==== Available records ====
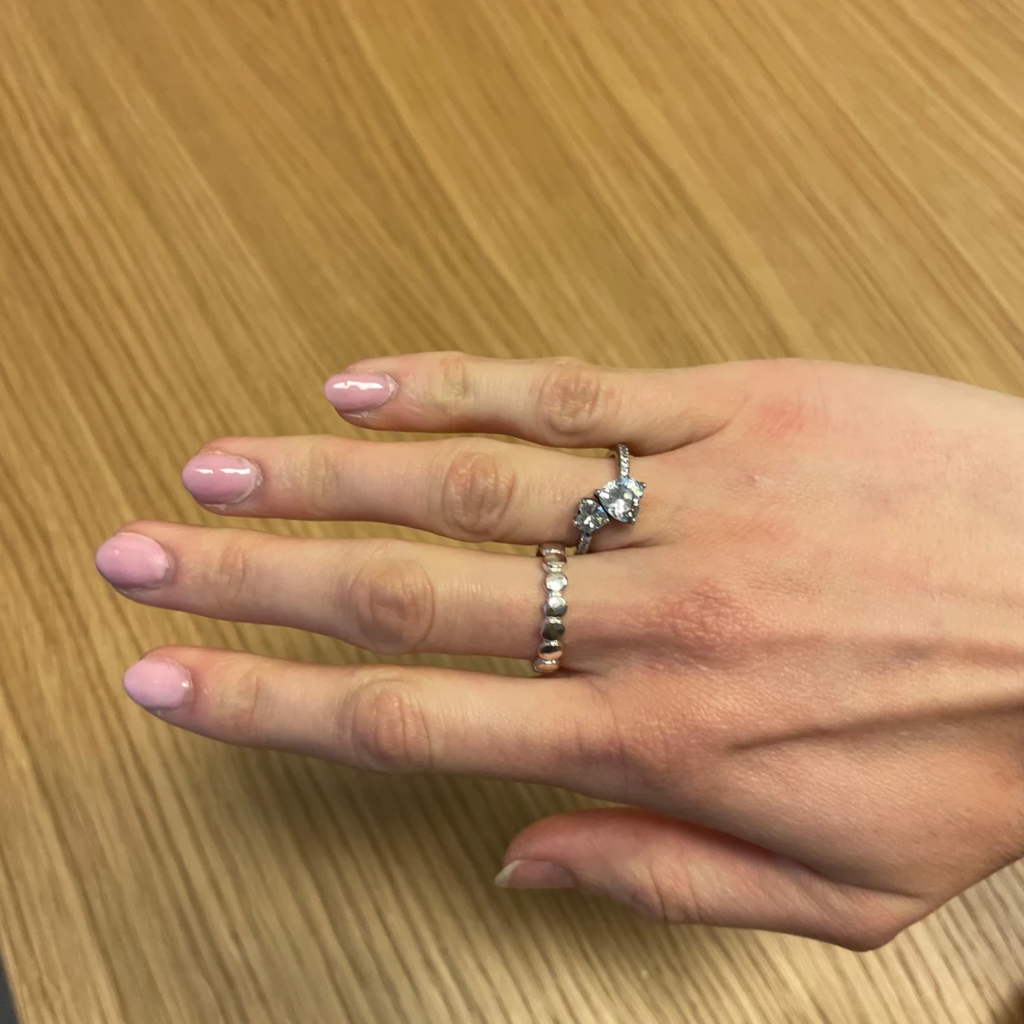 Så söt ring från pandora med motiv av 2 hjärtan, i äkta silver 925. Pandoras storlek 52, motsvarar 16 i ringstorlek💕
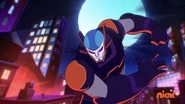 The Purple Dragons then reveal themselves as the ones behind The Purple Game, as they have wanted their revenge since the events of "The Purple Jacket". They then force Donnie to watch his brothers being relentlessly attacked by the now fully self-operated mech.The other three, however, have no idea of Donnie's encounter with the Purple Dragons, and is still under the impression that their brother is attacking them. They barely dodge a violent blow from the mech through Leo's portal and together they intend to destroy the mech using Raph's mystic power-up. The mech catches them however and almost crushes them in its fist.
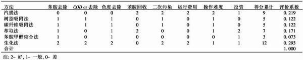 從1993年至1997年的4年中,為選擇較好的 治理方法,攻關(guān)小組先后進(jìn)行了汽提法、樹脂吸附 法、碳素纖維吸附法、萃取法、苯胺甲醛縮合法、超聲 波法和生化法試驗(yàn),試驗(yàn)定性結(jié)果見表1。
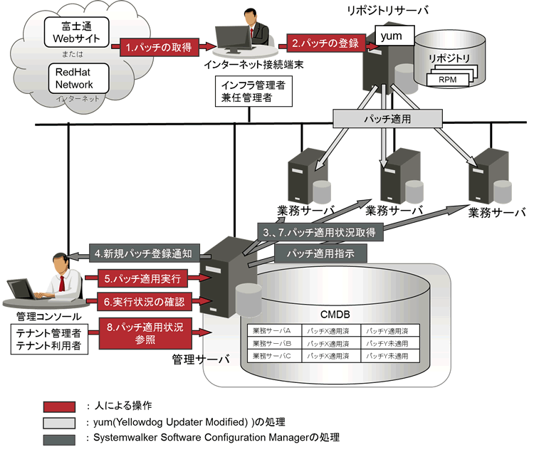 インフラ管理者はインターネット接続端末を使用して富士通WebサイトまたはRed Hat Networkより、最新のパッチ(RPM)を取得します。
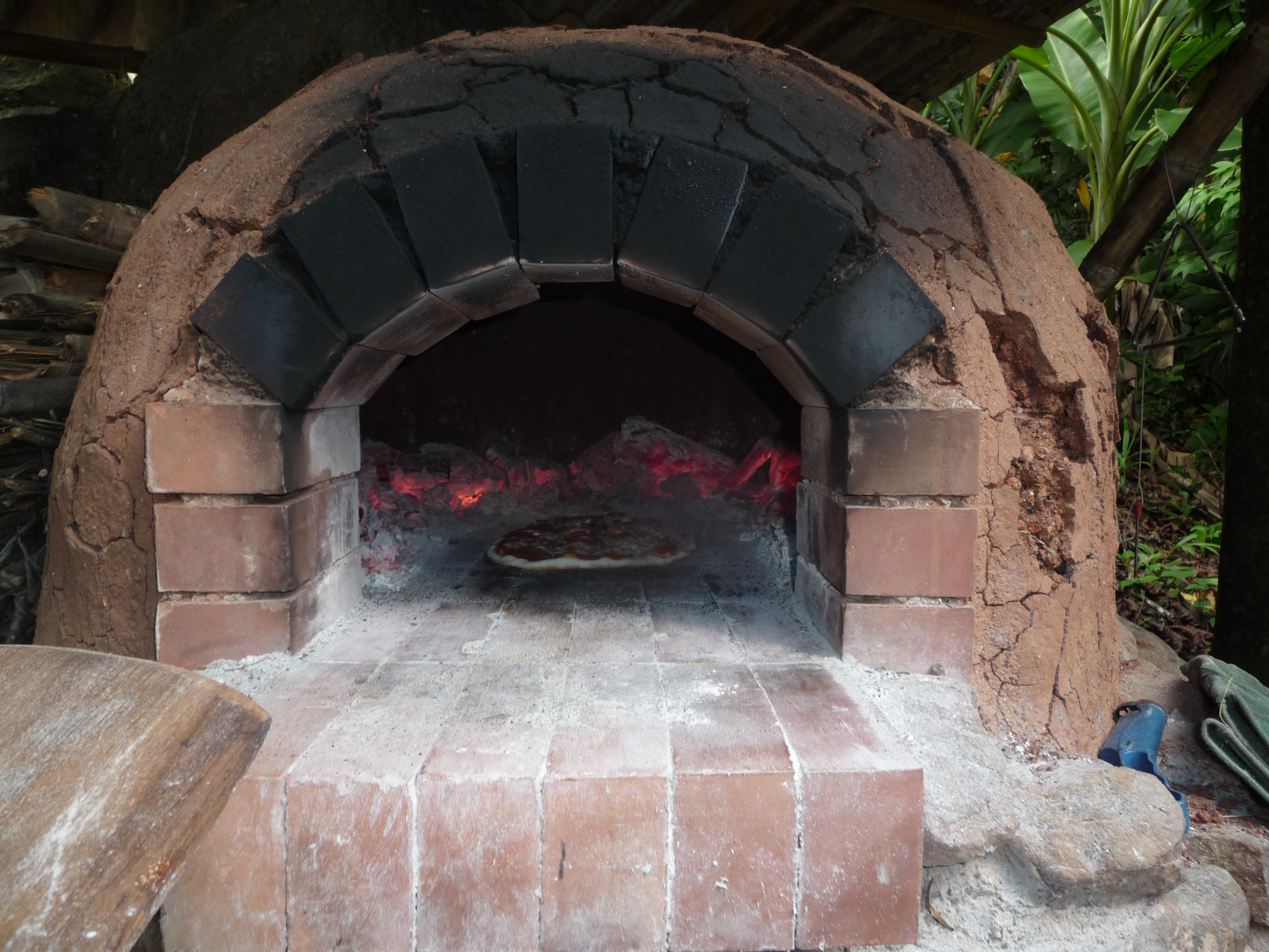for photos with their first (very professional) attempts at jungle pizza. A little break to let lunch settle and then Heather and Austin took the party up the hill by way of the stream bed through the
====
Requirement
Transcribe all of the lines above exactly as given. The pictures stay out.

Solution to the problem
 Så söt ring från pandora med motiv av 2 hjärtan, i äkta silver 925. Pandoras storlek 52, motsvarar 16 i ringstorlek💕
 The Purple Dragons then reveal themselves as the ones behind The Purple Game, as they have wanted their revenge since the events of "The Purple Jacket". They then force Donnie to watch his brothers being relentlessly attacked by the now fully self-operated mech.The other three, however, have no idea of Donnie's encounter with the Purple Dragons, and is still under the impression that their brother is attacking them. They barely dodge a violent blow from the mech through Leo's portal and together they intend to destroy the mech using Raph's mystic power-up. The mech catches them however and almost crushes them in its fist.
 從1993年至1997年的4年中,為選擇較好的 治理方法,攻關(guān)小組先后進(jìn)行了汽提法、樹脂吸附 法、碳素纖維吸附法、萃取法、苯胺甲醛縮合法、超聲 波法和生化法試驗(yàn),試驗(yàn)定性結(jié)果見表1。
 インフラ管理者はインターネット接続端末を使用して富士通WebサイトまたはRed Hat Networkより、最新のパッチ(RPM)を取得します。
for photos with their first (very professional) attempts at jungle pizza. A little break to let lunch settle and then Heather and Austin took the party up the hill by way of the stream bed through the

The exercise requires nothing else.